THE TASK:
Please copy, exactly and with no pictures, only the lines from the one containing "根据《广东省教育援疆规划(2" through the last line of the records.

DATA EXTRACTS:
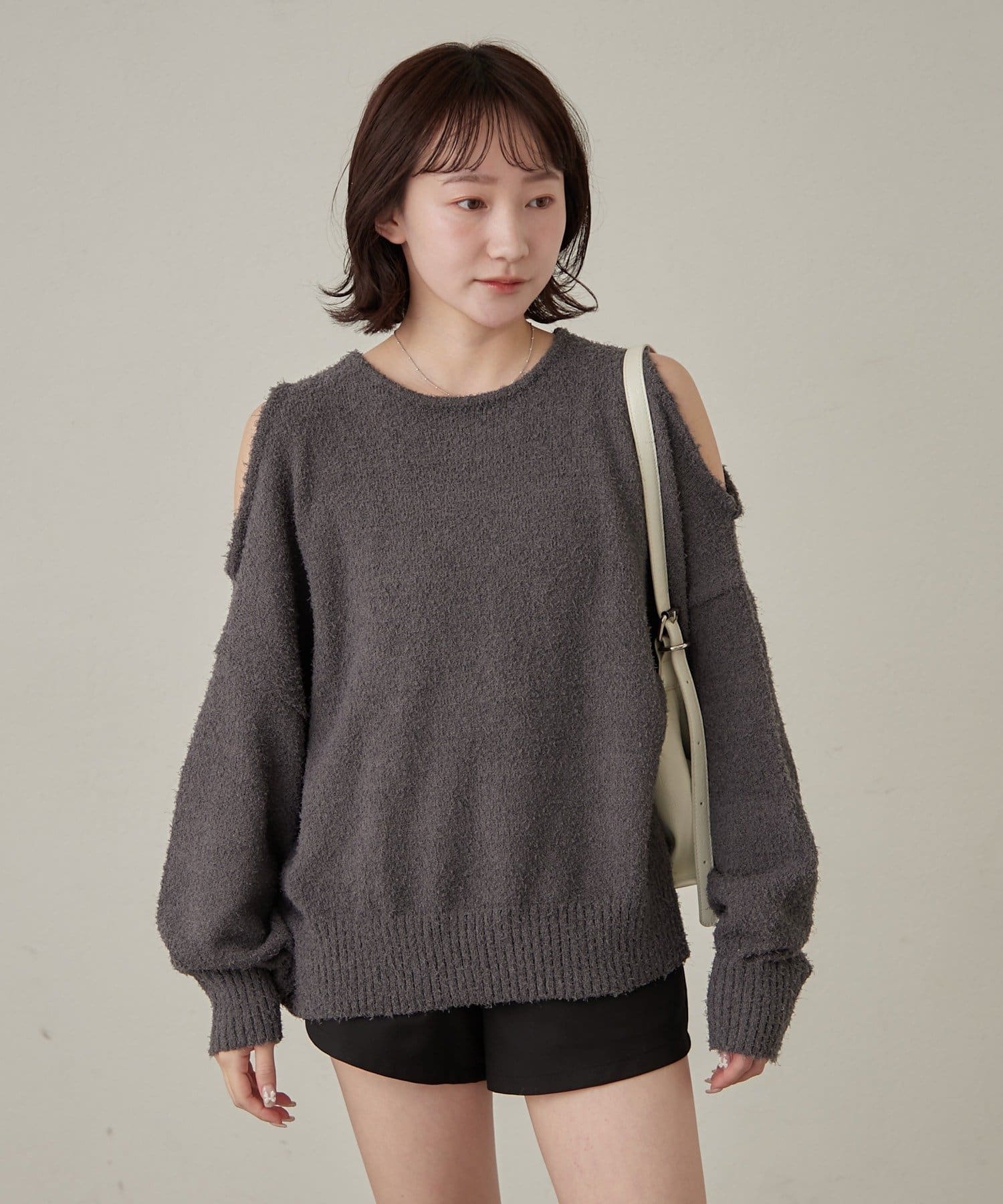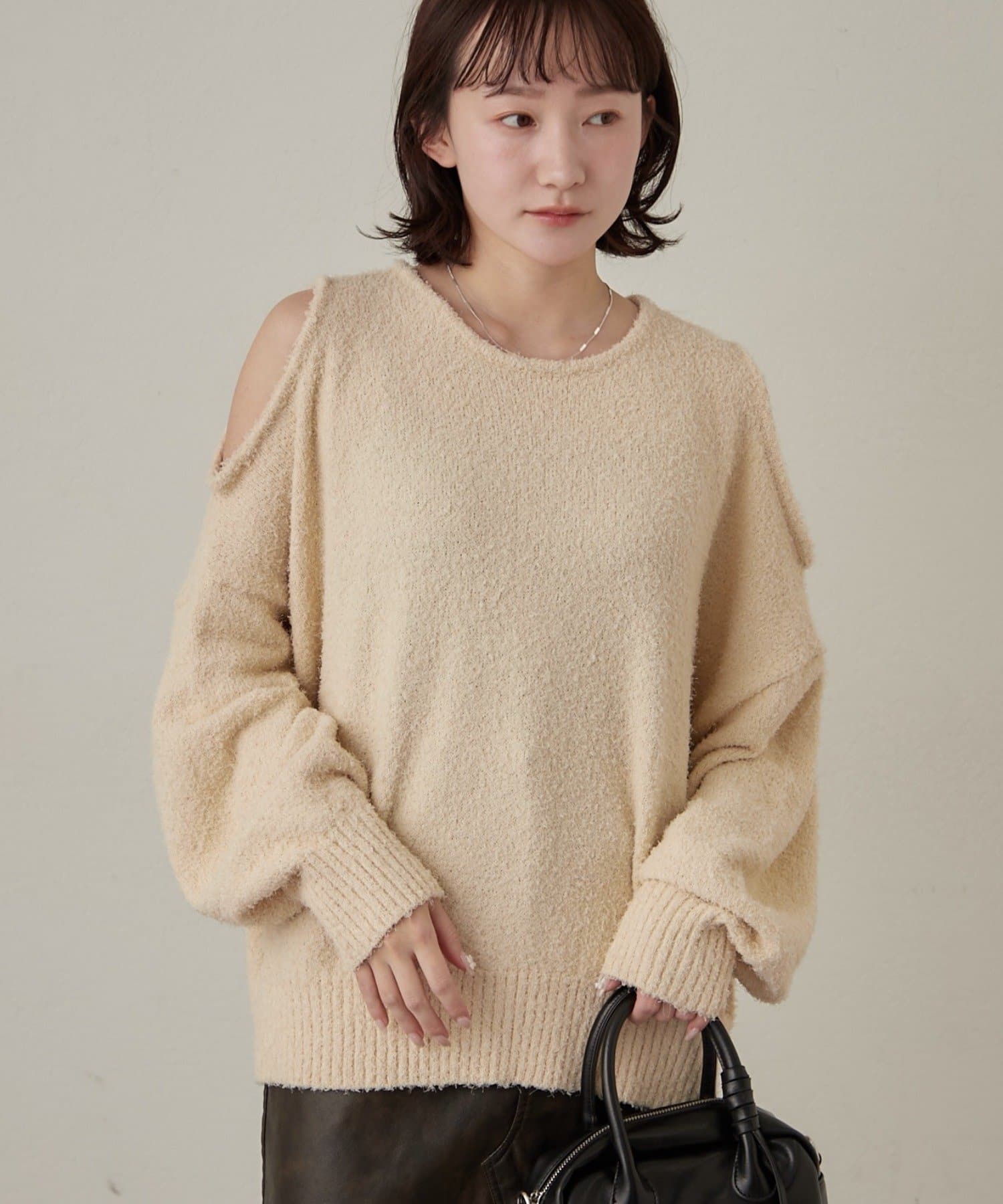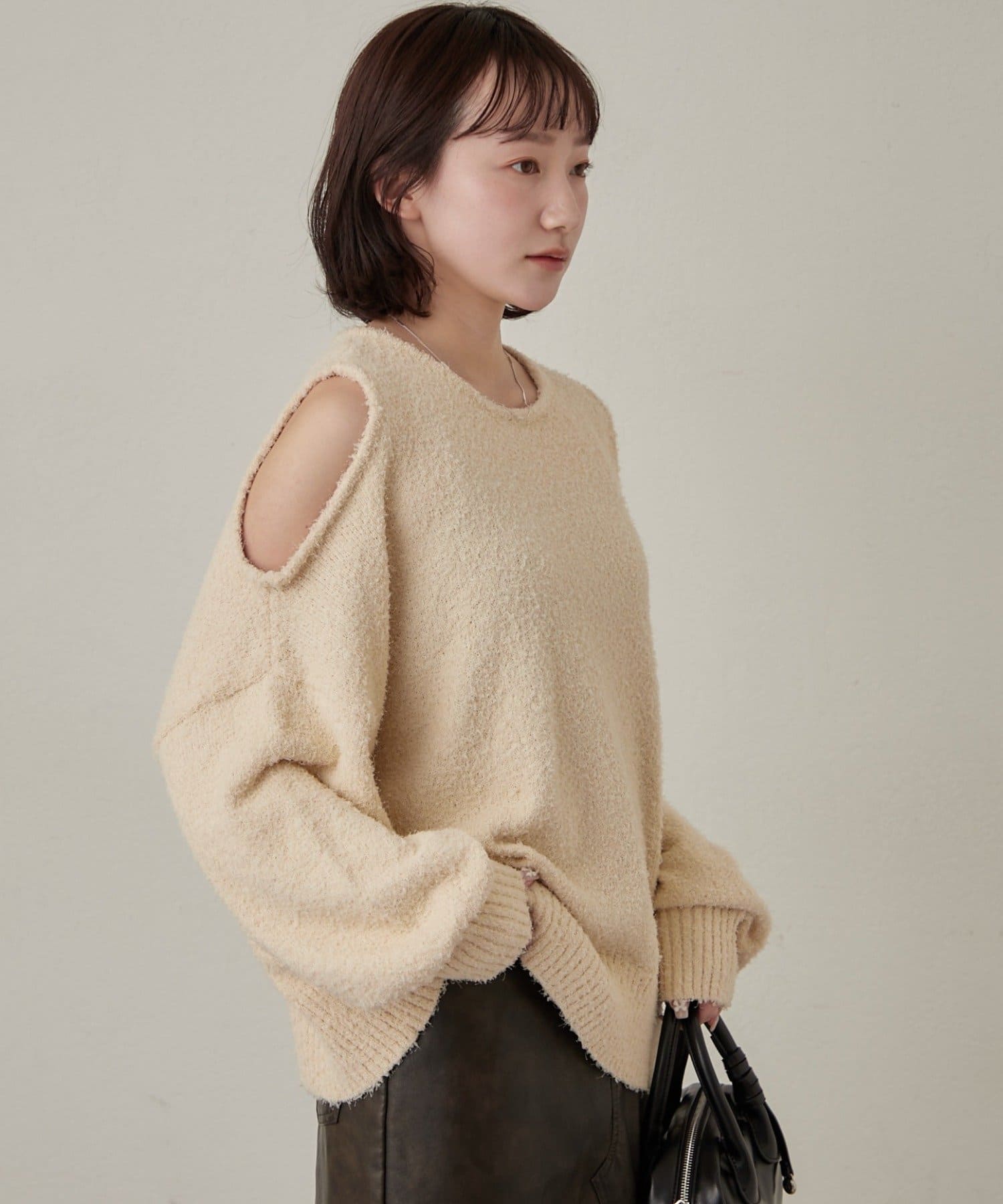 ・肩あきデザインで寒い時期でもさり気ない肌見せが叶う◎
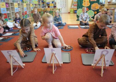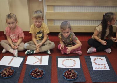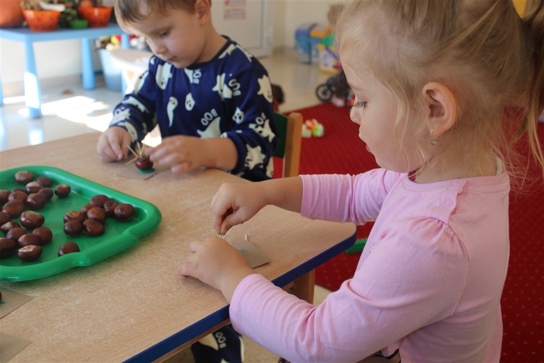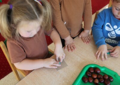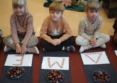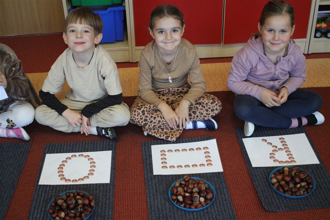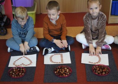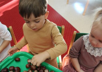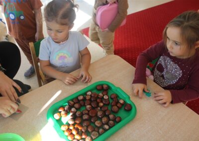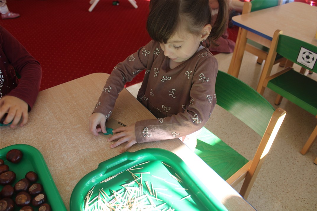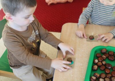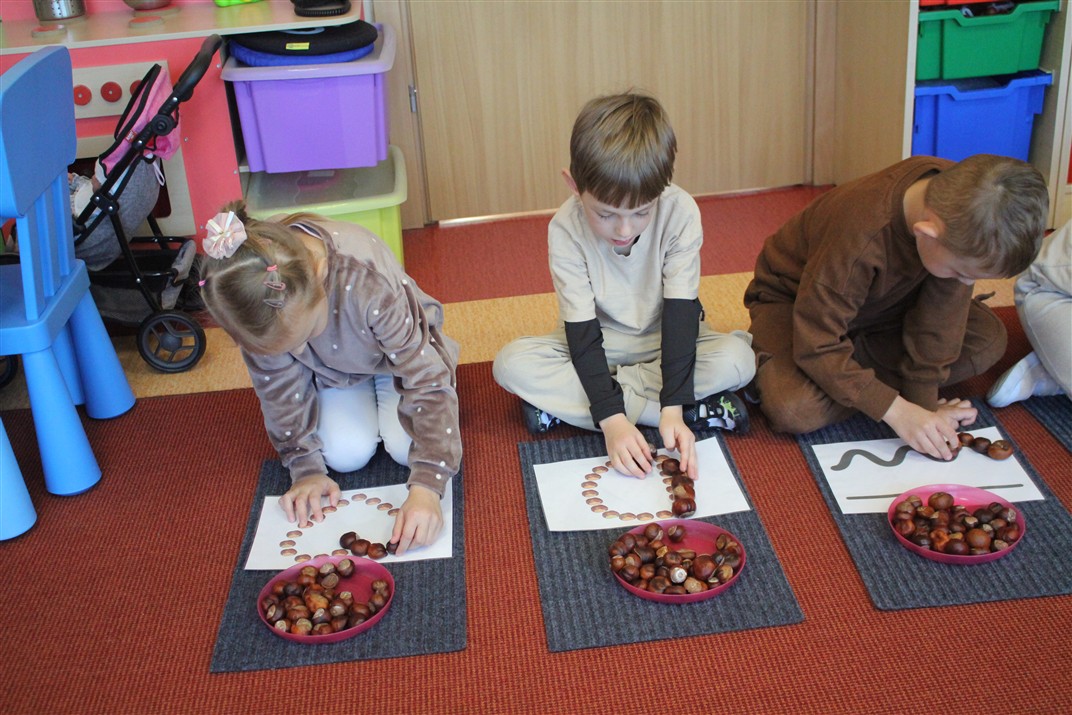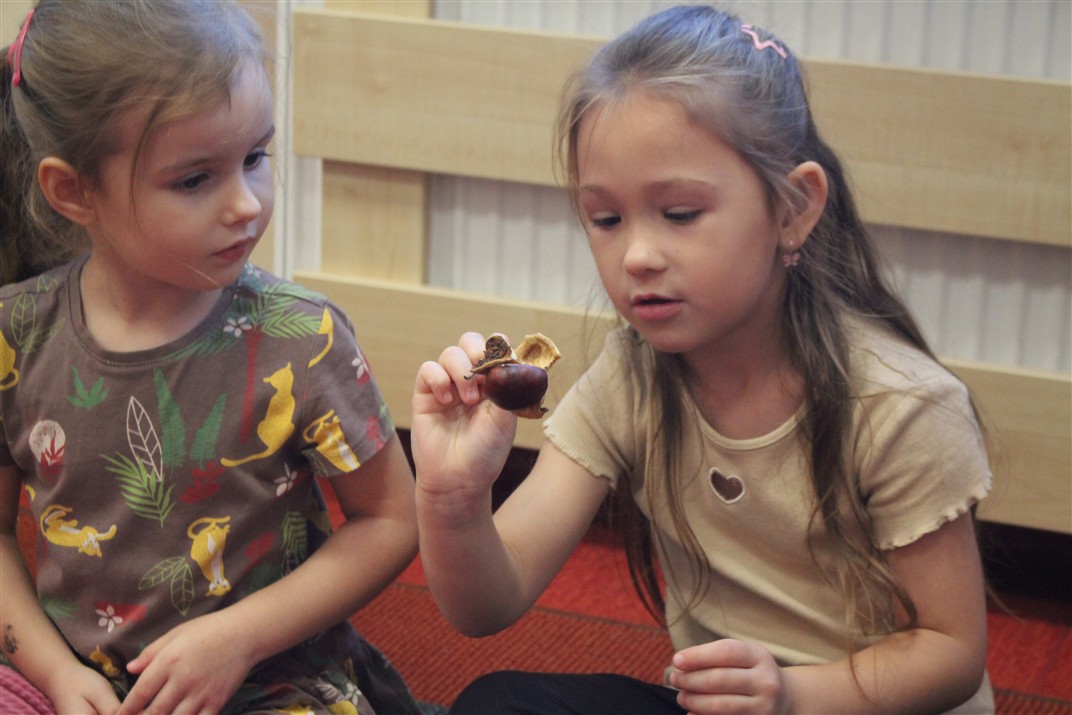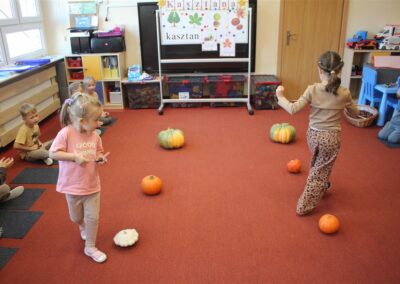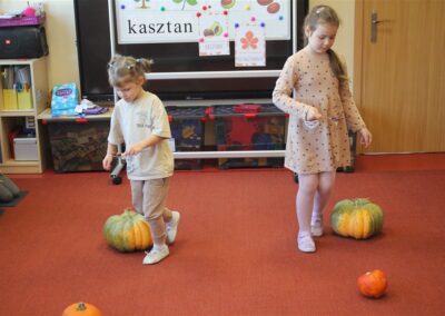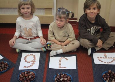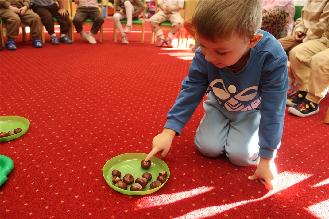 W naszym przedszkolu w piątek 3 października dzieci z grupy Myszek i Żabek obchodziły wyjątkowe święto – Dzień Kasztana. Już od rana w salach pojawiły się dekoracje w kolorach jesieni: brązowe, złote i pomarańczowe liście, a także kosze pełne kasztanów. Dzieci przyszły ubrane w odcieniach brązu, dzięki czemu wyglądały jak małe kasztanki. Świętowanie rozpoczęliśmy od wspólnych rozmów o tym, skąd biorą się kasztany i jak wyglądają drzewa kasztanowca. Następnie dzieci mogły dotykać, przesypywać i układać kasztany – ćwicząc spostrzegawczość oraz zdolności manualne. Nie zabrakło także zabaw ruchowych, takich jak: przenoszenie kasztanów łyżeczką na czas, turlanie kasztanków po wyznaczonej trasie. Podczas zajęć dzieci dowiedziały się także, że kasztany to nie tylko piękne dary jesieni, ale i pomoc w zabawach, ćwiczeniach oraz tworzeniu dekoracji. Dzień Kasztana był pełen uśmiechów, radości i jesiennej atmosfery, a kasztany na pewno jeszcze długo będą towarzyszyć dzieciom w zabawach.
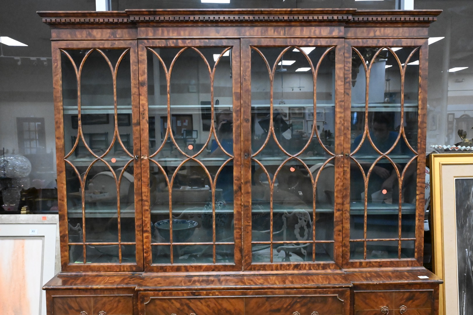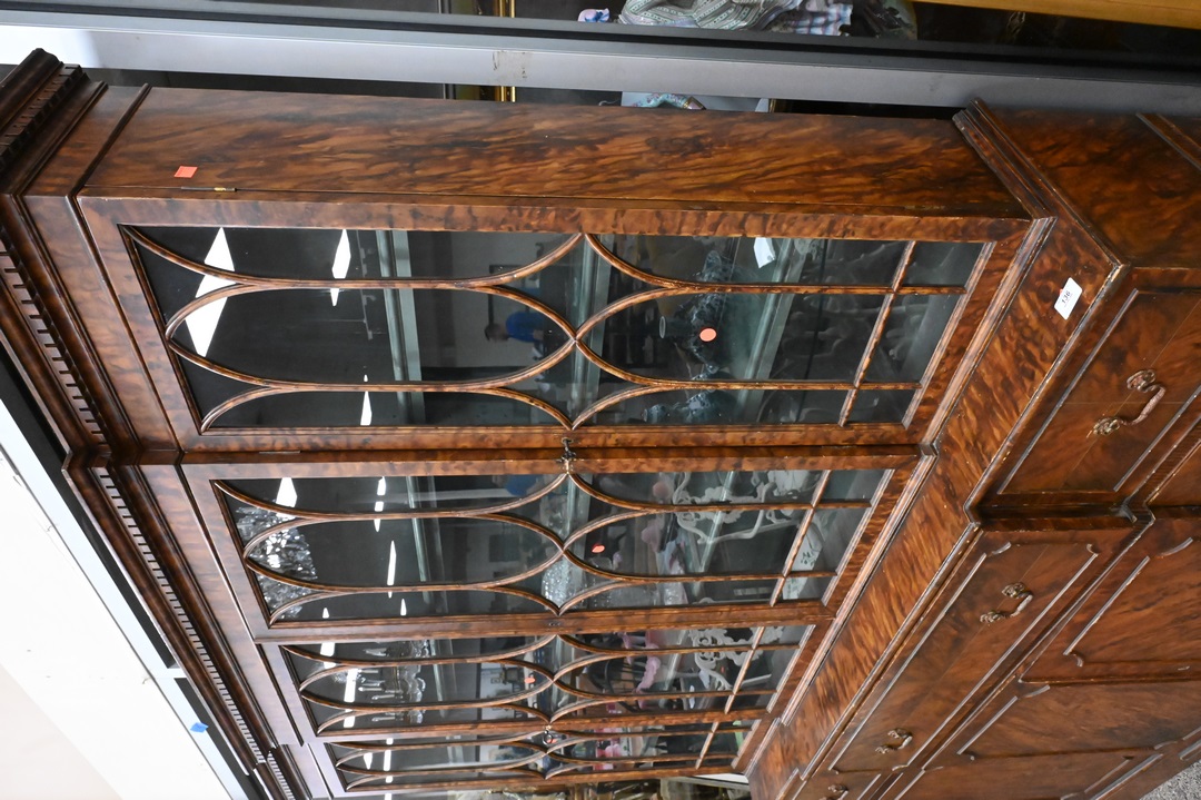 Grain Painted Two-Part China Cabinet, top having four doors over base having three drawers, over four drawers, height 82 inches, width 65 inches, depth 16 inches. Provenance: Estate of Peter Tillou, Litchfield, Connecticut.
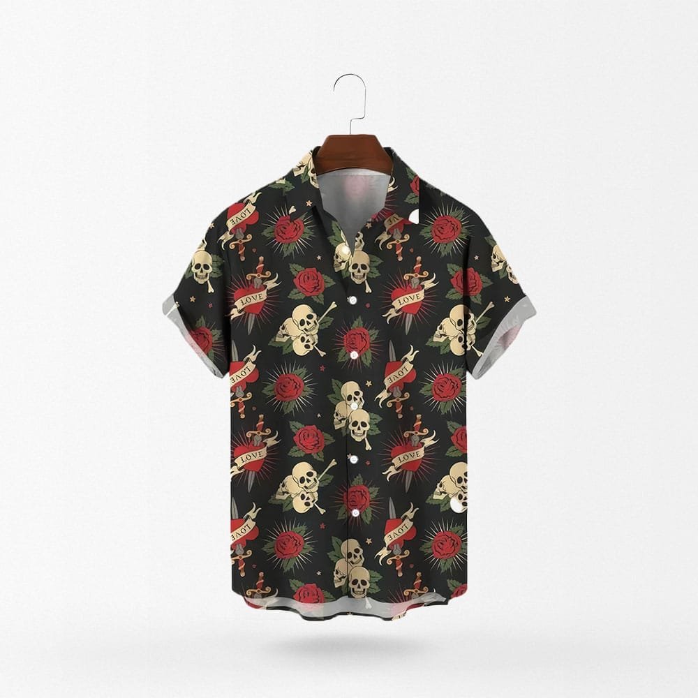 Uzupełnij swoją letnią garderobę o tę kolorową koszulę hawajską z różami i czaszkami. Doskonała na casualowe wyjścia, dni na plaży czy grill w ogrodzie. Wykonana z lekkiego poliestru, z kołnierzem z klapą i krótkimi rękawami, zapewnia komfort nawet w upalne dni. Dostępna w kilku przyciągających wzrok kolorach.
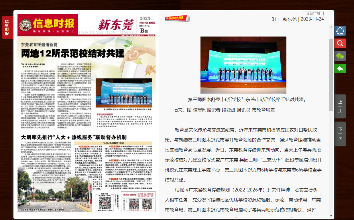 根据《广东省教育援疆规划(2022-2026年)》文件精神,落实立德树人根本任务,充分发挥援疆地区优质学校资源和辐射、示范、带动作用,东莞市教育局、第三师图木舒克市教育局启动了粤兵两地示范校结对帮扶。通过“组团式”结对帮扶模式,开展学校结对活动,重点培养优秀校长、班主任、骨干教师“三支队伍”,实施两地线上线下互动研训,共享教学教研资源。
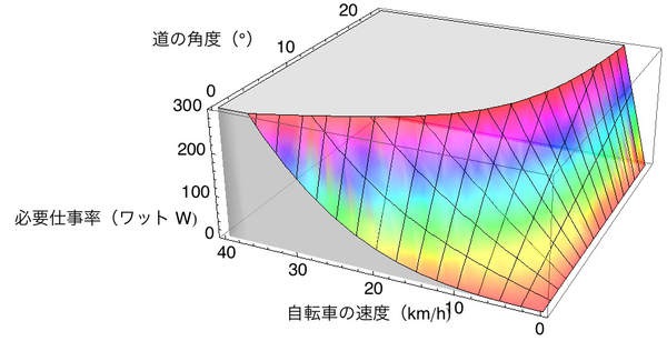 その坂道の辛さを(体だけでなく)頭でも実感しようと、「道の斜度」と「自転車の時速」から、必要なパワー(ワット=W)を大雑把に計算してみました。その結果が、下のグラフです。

ANSWER SECTION:
 根据《广东省教育援疆规划(2022-2026年)》文件精神,落实立德树人根本任务,充分发挥援疆地区优质学校资源和辐射、示范、带动作用,东莞市教育局、第三师图木舒克市教育局启动了粤兵两地示范校结对帮扶。通过“组团式”结对帮扶模式,开展学校结对活动,重点培养优秀校长、班主任、骨干教师“三支队伍”,实施两地线上线下互动研训,共享教学教研资源。
 その坂道の辛さを(体だけでなく)頭でも実感しようと、「道の斜度」と「自転車の時速」から、必要なパワー(ワット=W)を大雑把に計算してみました。その結果が、下のグラフです。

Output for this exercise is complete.